There is cause for cautious enthusiasm. Jackson State’s Deion Sanders has brought attention to HBCU football that has benefited many other HBCUs in the process (selfishly, I wish more people would pay attention to President Hudson’s leadership in guiding JSU towards Research 1 university status, which is far more important to the university and the sector AND generating more revenue than Jackson State football in the process). Morris Brown College is back and the AUC is four-members strong again. A year after making headlines for receiving record-setting donations from Mackenzie Scott at many HBCUs, institutions like Prairie View are making national headlines for how they invested the largesse. 

What will likely make this year a pivotal year isn’t the volume of transactions, but the loss of collective executive experience.
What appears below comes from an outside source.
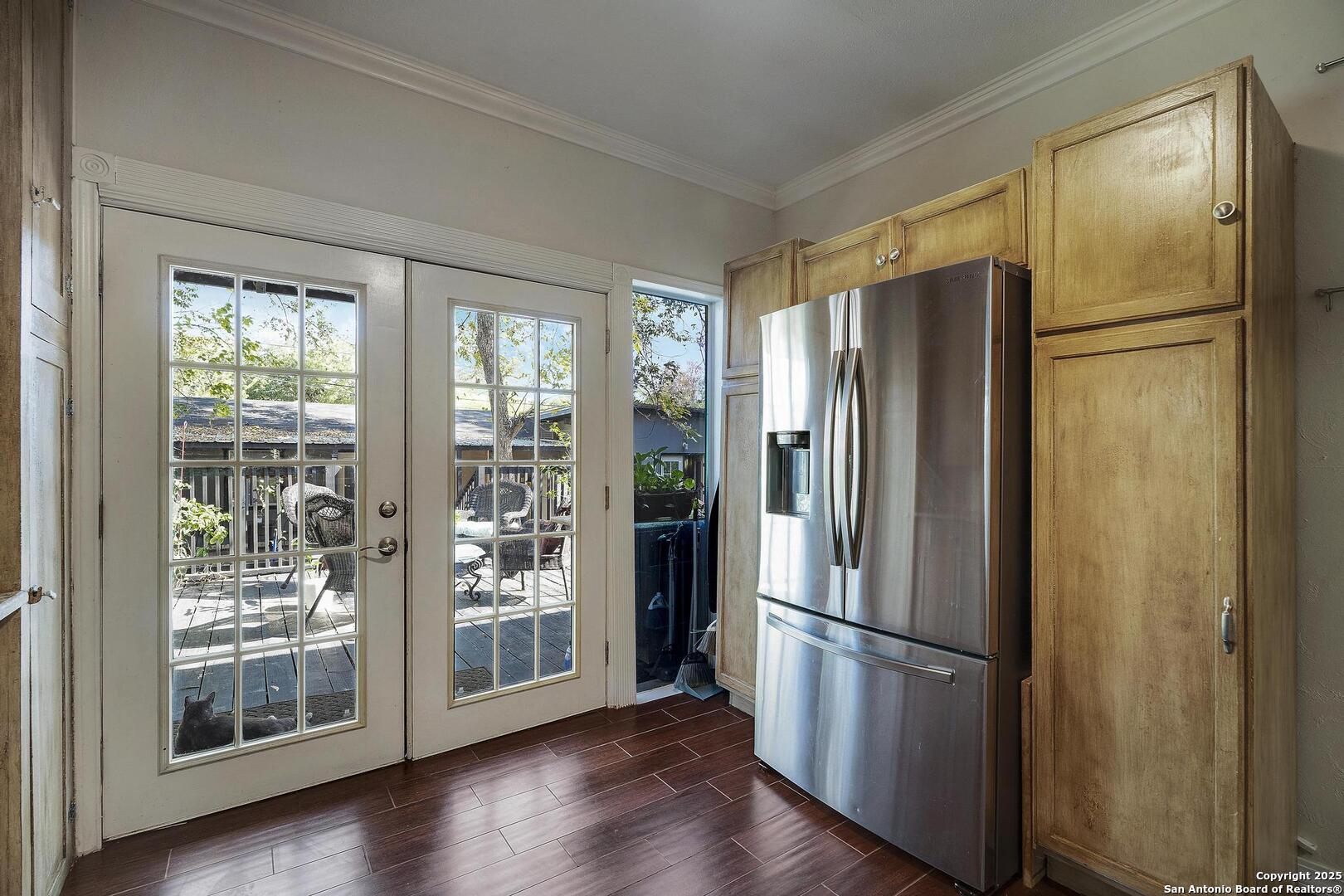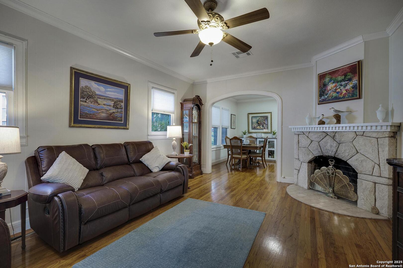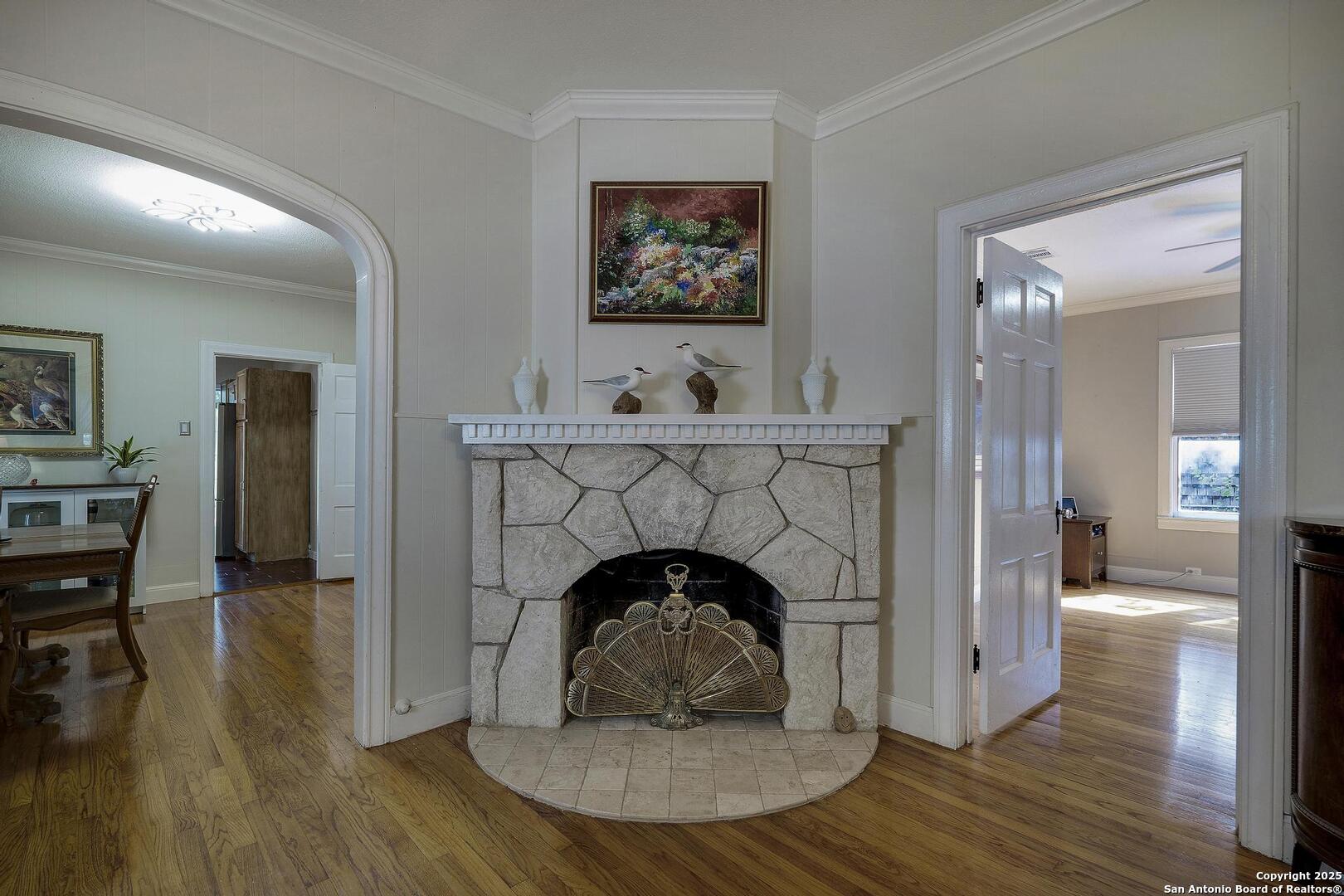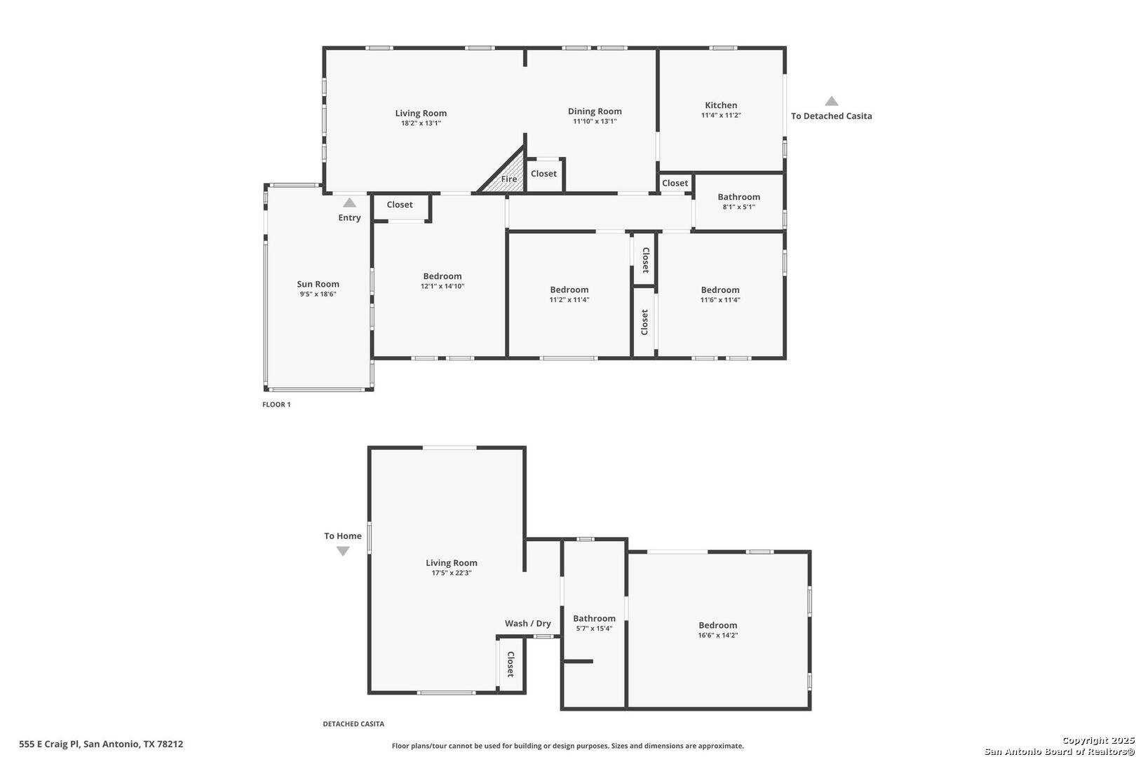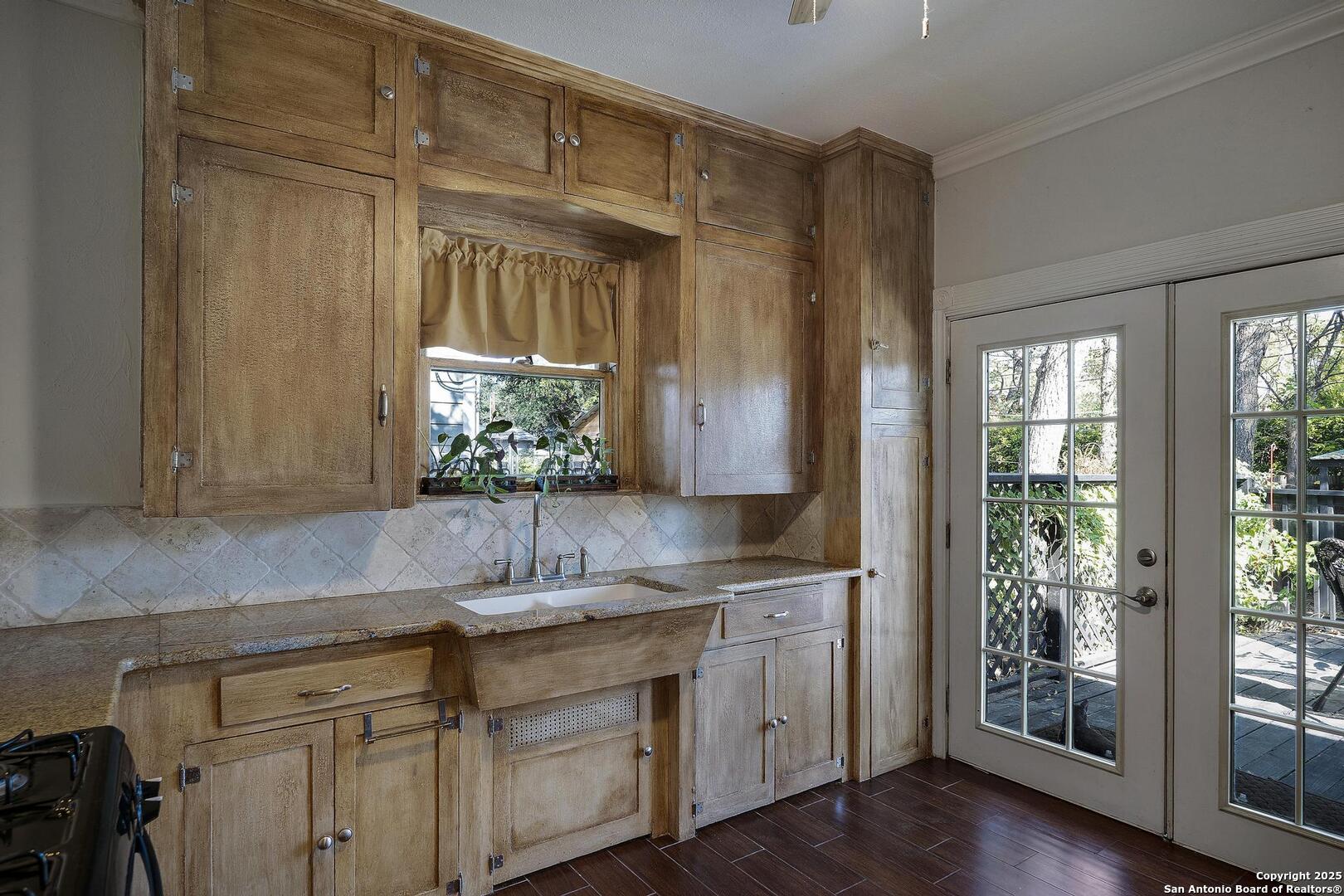 Welcome to River Road! Charming stone cottage with a detached casita in the highly desirable River Road neighborhood. Just steps from Brackenridge Park and minutes from The Pearl, Fort Sam Houston, and downtown San Antonio. The main home offers 3 bedrooms, 1 bath, and 1,247 square feet, blending timeless character with modern comfort. Original hardwood floors, arched doorways, and abundant natural light create a warm, inviting atmosphere. The living room features a cozy stone fireplace and flows effortlessly into the dining room, ideal for entertaining. The kitchen offers gas cooking, granite countertops, and plenty of cabinet space. The front sun-room overlooks the Brackenridge Golf Course, offering a serene and peaceful setting which is the perfect spot for morning coffee, reading, or plant lovers' paradise. Step outside to enjoy the spacious deck off the main house, shaded by mature trees and ideal for relaxing or hosting friends. The detached 835-square-foot casita includes 1 bedroom, 1 bath, a living area, and a large covered patio, providing a comfortable space for entertaining. Nestled in one of San Antonio's most picturesque and walkable neighborhoods, this home offers easy access to nature and city life. Stroll to Brackenridge Park, bike to The Pearl, or explore nearby restaurants and entertainment in minutes. 555 E Craig Place perfectly captures the essence of River Road living. Vintage charm, modern comfort, and an unbeatable location. The main house features 3 beds and 1 full bath. The casita has 1 bedroom and 1 full bathroom.

Dillard, Southern, Talladega, Hampton, Prairie View, and Livingstone, for example, are losing a combined over two centuries of higher education experience. The leaders that replace them will need patience, prayers, guidance, and support (both of the metaphorical and quiet, no-jangling varieties) but most of all they will likely need us to retire the phrase “but ____________ didn’t do it this way.” Because no matter how beloved these institutions’ previous leaders are, the sun will be up tomorrow and we must encounter challenges associated with each day thereafter. 

Nothing, after all, is fixed. 

2021-22 HBCU Executive Transactions (28 announcements/18 colleges and universities)  

Alabama A&M University:

  • President Daniel Wims appointed 

Bethune-Cookman University:

  • Interim President Hiram Powell assigned
  • Interim President Larry Drake assigned 

Dillard University:

  • President Walter Kimbrough resigned
  • President Rochelle Ford appointed

Hampton University:

  • President William Harvey resigned
  • President Darrell Williams appointed 

Howard University:

  • President Wayne Frederick announces resignation

Harris-Stowe State University:

  • Interim President LaTonia Collins Smith assigned, later named President

Lincoln University (MO.):

  • President John Moseley appointed 

Livingstone College:

  • President Jimmy Jenkins resigned

Kentucky State University:

  • President M. Christopher Brown resigned
  • Acting President Clara Ross Stamps assigned
  • Interim President Ronald Johnson assigned

Prairie View A&M University:

  • President Ruth Simmons announces retirement 

South Carolina State University:

  • President James Clark fired
  • Interim President Alexander Conyers named President

Southern University—Baton Rouge:

  • President-Chancellor Ray Belton resigned
  • President Chancellor Dennis Shields appointed

Southern University—Shreveport:

  • Chancellor Rodney Ellis resigned
  • Interim Chancellor Vladimir Appeaning assigned

Spelman College:

  • President Mary Schmidt Campbell resigned
  • President Helene Gayle appointed

Talladega College:

  • President Gregory Vincent appointed

Trenholm State College:

  • President Kemba Chambers appointed

Tuskegee University:

  • President Charlotte Morris appointed

West Virginia State:

  • President Nicole Pride resigned
  • Interim President Ericke Cage assigned, later named President

William Broussard, Ph.D. (@DeadLecturer) is the Associate Vice President-University Advancement at Minnesota State University, Mankato. He is the author of “Under the Radar, Below the Fold: Fundraising at Public Regional Universities” (Palgrave Macmillan, 2023).